▶ [About this exercise]: The full listing, excluding its pictures, should be printed exactly as it stands.

▶ [Dataset content]:

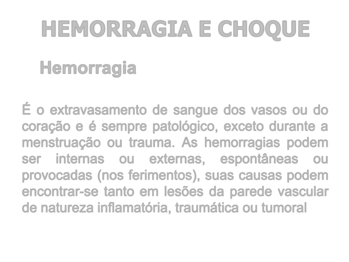 HEMORRAGIA E CHOQUE É o extravasamento de sangue dos vasos ou do coração e é sempre patológico, exceto durante a menstruação ou trauma. As hemorragias podem ser internas ou externas, espontâneas ou provocadas (nos ferimentos), suas causas podem encontrar-se tanto em lesões da parede vascular de natureza inflamatória, traumática ou tumoral Hemorragia HEMORRAGIA E CHOQUE Classificação clínica A hemorragia poderá ser externa ou interna. Hemorragia Externa: Ocorre devido a ferimentos abertos. Hemorragia interna: Geralmente não é visível, porém é bastante grave, pois pode provocar choque e levar a vítima a morte. Noções de Anatomia Artéria Veia Capilares Classificação Anatômica Arterial - Hemorragia que faz jorrar sangue pulsátil e de cor vermelho vivo; Venosa - O sangue sai lento e contínuo na cor vermelho escuro. Capilar - O sangue sai lentamente por vasos menores. A cor é menos viva que na hemorragia arterial. Sinais e sintomas: Agitação; Palidez; Sudorese intensa; Pele Fria; Pulso acelerado (acima de 100 bpm); Pressão arterial baixa; Sede; Fraqueza. HEMORRAGIA EXTERNA HEMORRAGIA INTERNA Os mesmos da Hemorragia externa, e; Perda de sangue ou fluidos pelo Nariz ou ouvido; Vômito ou tosse com presença de sangue; Rigidez ou espasmos dos músculos abdominais; Dor abdominal; Sangramento pelas genitálias. Sinais ou sintomas: QUANTO AO VOLUME DE SANGUE PERDIDO CLASS I II III IV % ATÉ 10% DE 15 A 20% 25 A 30% 35 a 45% PA NORMAL NORMAL CAI OU PINÇA 00 FC NORMAL 100 BPM 120 BPM + 130 BPM FR NORMAL 20 A 30 RPM 30 A 40 RPM + 40 RPM PELE NORMAL FRIA/ÚMIDA/ PALIDA + CLASSE II SEM CIRCULAÇÃO CONS NORMAL NORMAL ALTERADA/ ANSIEDADE INCONSCIENTE ESTIMATIVA DE PERDA SANGUÍNEA NUMA FRATURA Tíbia = 250 ml Pelve = 3000 ml Fêmur = 600 ml Costelas = 50 ml Úmero = 75 ml EXPOR O LOCAL DA LESÃO Verificar o tipo de ferimento e material a ser utilizado no controle de sangramento. 1º TECNICA PRESSÃO DIRETA 2º TECNICA ELEVAÇÃO DO MEMBRO 3° TECNICA PONTO DE PRESSÃO COMPRESSÃO DA ARTÉRIA BRAQUIAL COMPRESSÃO DA ARTÉRIA FEMURAL Tratamento Pré-hospitalar Avaliação da cena (193); Avalie a consciência; Abra as VA e observe a respiração e a circulação; Exponha o local do ferimento; controle a hemorragia; Previna ou trate o estado de choque; Afrouxe roupas apertadas; Esteja preparado para o vômito; Não dê nada de comer ou beber. Conceito: ESTADO DE CHOQUE Quadro grave causado por uma reação do organismo a uma condição onde o sistema circulatório não fornece circulação suficiente para cada parte vital do organismo. Coração: O coração não consegue bombear quantidade suficiente de sangue (insuficiência cardíaca). O choque poderá desenvolver-se rapidamente. As causas estão relacionadas ao coração, aos vasos sanguíneos ou ao volume de sangue circulante. CAUSAS DO ESTADO DE CHOQUE VASOS SANGÜÍNEOS: choque hipovolêmico. O sistema circulatório deve obrigatoriamente ser um sistema fechado. Se os vasos (artérias, veias ou capilares) forem lesados e perderem muito sangue, o paciente desenvolverá choque. VOLUME DE SANGUE CIRCULANTE: choque distributivo Se houver uma diminuição no volume de sangue circulante ou se os vasos sangüíneos por algum motivo dilatarem (aumentarem seu diâmetro) impedindo que o sistema permaneça corretamente preenchido, o choque novamente se desenvolverá. TIPO DE CHOQUE Choque hemorrágico - hipovolêmico Choque cardiogênico; Choque neurogênico - distributivo Choque anafilático - distributivo Choque psicogênico - distributivo Choque séptico - distributivo. Sinais e Sintomas Agitação ou ansiedade; Respiração rápida e superficial; Pulso rápido e fraco; Pele fria e sudorese; Perfusão superior a 2 segundos; Pupilas dilatadas; Sede; Náuseas e vômitos; Pressão arterial baixa. SINAIS E SINTOMAS(ANAFILÁTICO) Prurido na pele; Sensação de queimação na pele; Edema generalizado; Dificuldade para respirar; Pulso fraco; Perda da consciência e morte Tratamento Pré-Hospitalar Avaliação da cena; Avalie o nível de consciência; Posicione a vítima deitada (decúbito dorsal); ABC da vida; Controle hemorragias externas; Eleve os membros inferiores; Imobilize fraturas, se necessário; Afrouxe roupas; Previna a perda de calor corporal; Não dar nada de beber ou comer.
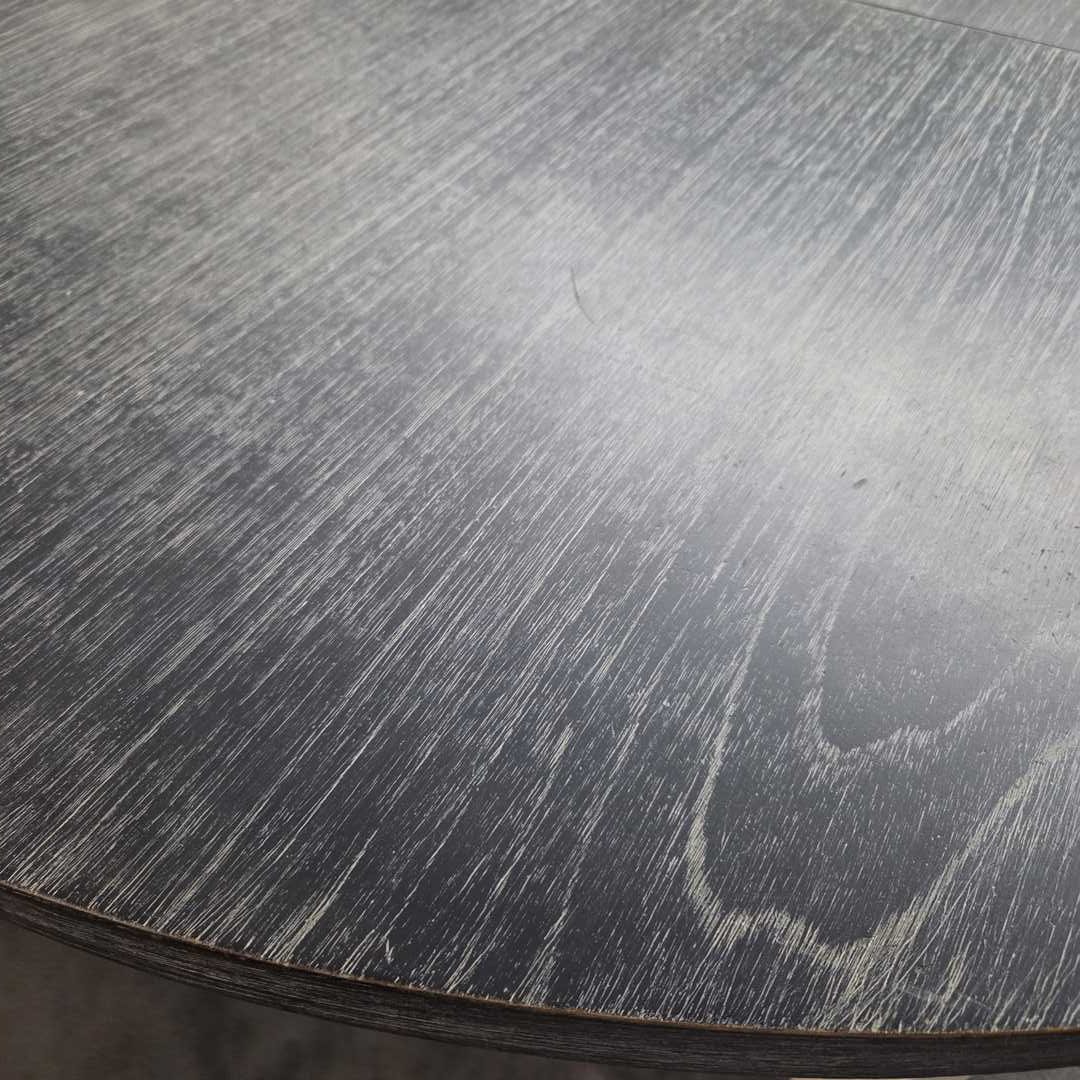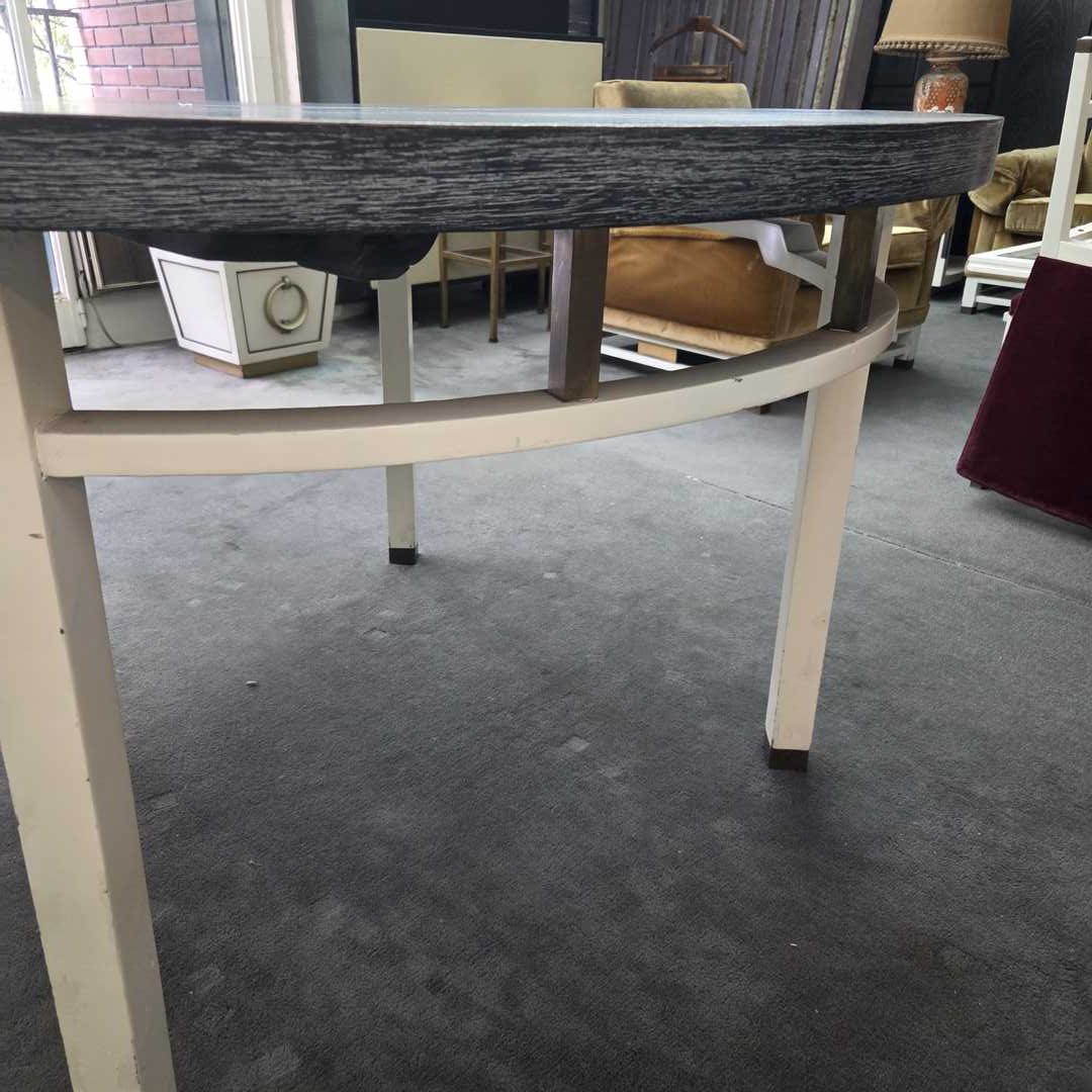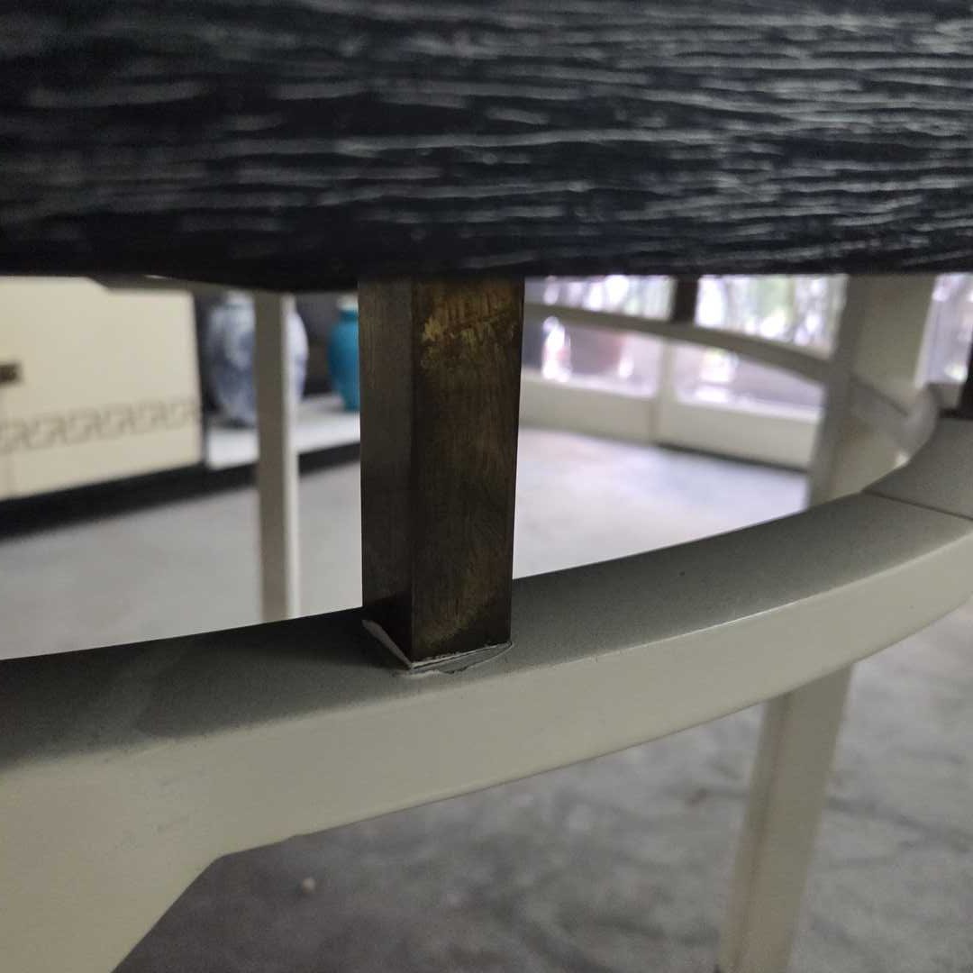 Mesa de comedor circular con tabla de alargue y patas laqueadas con detalles en bronce. Diám 131 cm. Tabla alargue 75 x 133 cm. Total abierta 205 cm aprox. Atención: traer herramientas para desarmarla para su traslado. Baja por escalera 6 pisos.
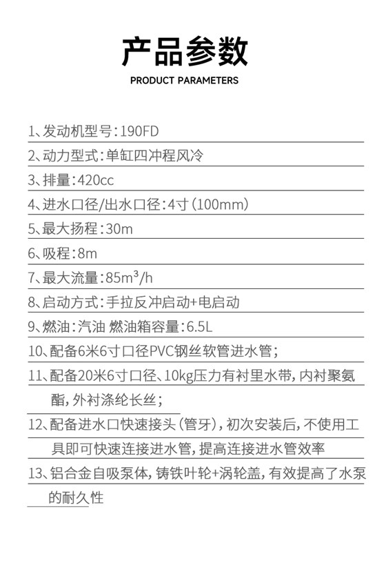 2.动力充足,运行稳定:搭载 190FD 型号发动机,配合 3600r/min 的额定转速,为水泵提供持续稳定动力,保障高流量排水持续作业。
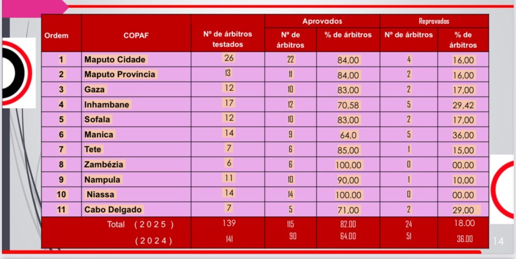 Refira-se que, para a temporada futebolística de 2025, a CNAF testou um total de 139 árbitros, tendo reprovado 24, contra 51 do ano passado. Entre os chumbados brilha com luz própria o nome de Ema Novo, a melhor juíza da última edição do Moçambola.

▶ [Solution]:
 HEMORRAGIA E CHOQUE É o extravasamento de sangue dos vasos ou do coração e é sempre patológico, exceto durante a menstruação ou trauma. As hemorragias podem ser internas ou externas, espontâneas ou provocadas (nos ferimentos), suas causas podem encontrar-se tanto em lesões da parede vascular de natureza inflamatória, traumática ou tumoral Hemorragia HEMORRAGIA E CHOQUE Classificação clínica A hemorragia poderá ser externa ou interna. Hemorragia Externa: Ocorre devido a ferimentos abertos. Hemorragia interna: Geralmente não é visível, porém é bastante grave, pois pode provocar choque e levar a vítima a morte. Noções de Anatomia Artéria Veia Capilares Classificação Anatômica Arterial - Hemorragia que faz jorrar sangue pulsátil e de cor vermelho vivo; Venosa - O sangue sai lento e contínuo na cor vermelho escuro. Capilar - O sangue sai lentamente por vasos menores. A cor é menos viva que na hemorragia arterial. Sinais e sintomas: Agitação; Palidez; Sudorese intensa; Pele Fria; Pulso acelerado (acima de 100 bpm); Pressão arterial baixa; Sede; Fraqueza. HEMORRAGIA EXTERNA HEMORRAGIA INTERNA Os mesmos da Hemorragia externa, e; Perda de sangue ou fluidos pelo Nariz ou ouvido; Vômito ou tosse com presença de sangue; Rigidez ou espasmos dos músculos abdominais; Dor abdominal; Sangramento pelas genitálias. Sinais ou sintomas: QUANTO AO VOLUME DE SANGUE PERDIDO CLASS I II III IV % ATÉ 10% DE 15 A 20% 25 A 30% 35 a 45% PA NORMAL NORMAL CAI OU PINÇA 00 FC NORMAL 100 BPM 120 BPM + 130 BPM FR NORMAL 20 A 30 RPM 30 A 40 RPM + 40 RPM PELE NORMAL FRIA/ÚMIDA/ PALIDA + CLASSE II SEM CIRCULAÇÃO CONS NORMAL NORMAL ALTERADA/ ANSIEDADE INCONSCIENTE ESTIMATIVA DE PERDA SANGUÍNEA NUMA FRATURA Tíbia = 250 ml Pelve = 3000 ml Fêmur = 600 ml Costelas = 50 ml Úmero = 75 ml EXPOR O LOCAL DA LESÃO Verificar o tipo de ferimento e material a ser utilizado no controle de sangramento. 1º TECNICA PRESSÃO DIRETA 2º TECNICA ELEVAÇÃO DO MEMBRO 3° TECNICA PONTO DE PRESSÃO COMPRESSÃO DA ARTÉRIA BRAQUIAL COMPRESSÃO DA ARTÉRIA FEMURAL Tratamento Pré-hospitalar Avaliação da cena (193); Avalie a consciência; Abra as VA e observe a respiração e a circulação; Exponha o local do ferimento; controle a hemorragia; Previna ou trate o estado de choque; Afrouxe roupas apertadas; Esteja preparado para o vômito; Não dê nada de comer ou beber. Conceito: ESTADO DE CHOQUE Quadro grave causado por uma reação do organismo a uma condição onde o sistema circulatório não fornece circulação suficiente para cada parte vital do organismo. Coração: O coração não consegue bombear quantidade suficiente de sangue (insuficiência cardíaca). O choque poderá desenvolver-se rapidamente. As causas estão relacionadas ao coração, aos vasos sanguíneos ou ao volume de sangue circulante. CAUSAS DO ESTADO DE CHOQUE VASOS SANGÜÍNEOS: choque hipovolêmico. O sistema circulatório deve obrigatoriamente ser um sistema fechado. Se os vasos (artérias, veias ou capilares) forem lesados e perderem muito sangue, o paciente desenvolverá choque. VOLUME DE SANGUE CIRCULANTE: choque distributivo Se houver uma diminuição no volume de sangue circulante ou se os vasos sangüíneos por algum motivo dilatarem (aumentarem seu diâmetro) impedindo que o sistema permaneça corretamente preenchido, o choque novamente se desenvolverá. TIPO DE CHOQUE Choque hemorrágico - hipovolêmico Choque cardiogênico; Choque neurogênico - distributivo Choque anafilático - distributivo Choque psicogênico - distributivo Choque séptico - distributivo. Sinais e Sintomas Agitação ou ansiedade; Respiração rápida e superficial; Pulso rápido e fraco; Pele fria e sudorese; Perfusão superior a 2 segundos; Pupilas dilatadas; Sede; Náuseas e vômitos; Pressão arterial baixa. SINAIS E SINTOMAS(ANAFILÁTICO) Prurido na pele; Sensação de queimação na pele; Edema generalizado; Dificuldade para respirar; Pulso fraco; Perda da consciência e morte Tratamento Pré-Hospitalar Avaliação da cena; Avalie o nível de consciência; Posicione a vítima deitada (decúbito dorsal); ABC da vida; Controle hemorragias externas; Eleve os membros inferiores; Imobilize fraturas, se necessário; Afrouxe roupas; Previna a perda de calor corporal; Não dar nada de beber ou comer.
 Mesa de comedor circular con tabla de alargue y patas laqueadas con detalles en bronce. Diám 131 cm. Tabla alargue 75 x 133 cm. Total abierta 205 cm aprox. Atención: traer herramientas para desarmarla para su traslado. Baja por escalera 6 pisos.
 2.动力充足,运行稳定:搭载 190FD 型号发动机,配合 3600r/min 的额定转速,为水泵提供持续稳定动力,保障高流量排水持续作业。
 Refira-se que, para a temporada futebolística de 2025, a CNAF testou um total de 139 árbitros, tendo reprovado 24, contra 51 do ano passado. Entre os chumbados brilha com luz própria o nome de Ema Novo, a melhor juíza da última edição do Moçambola.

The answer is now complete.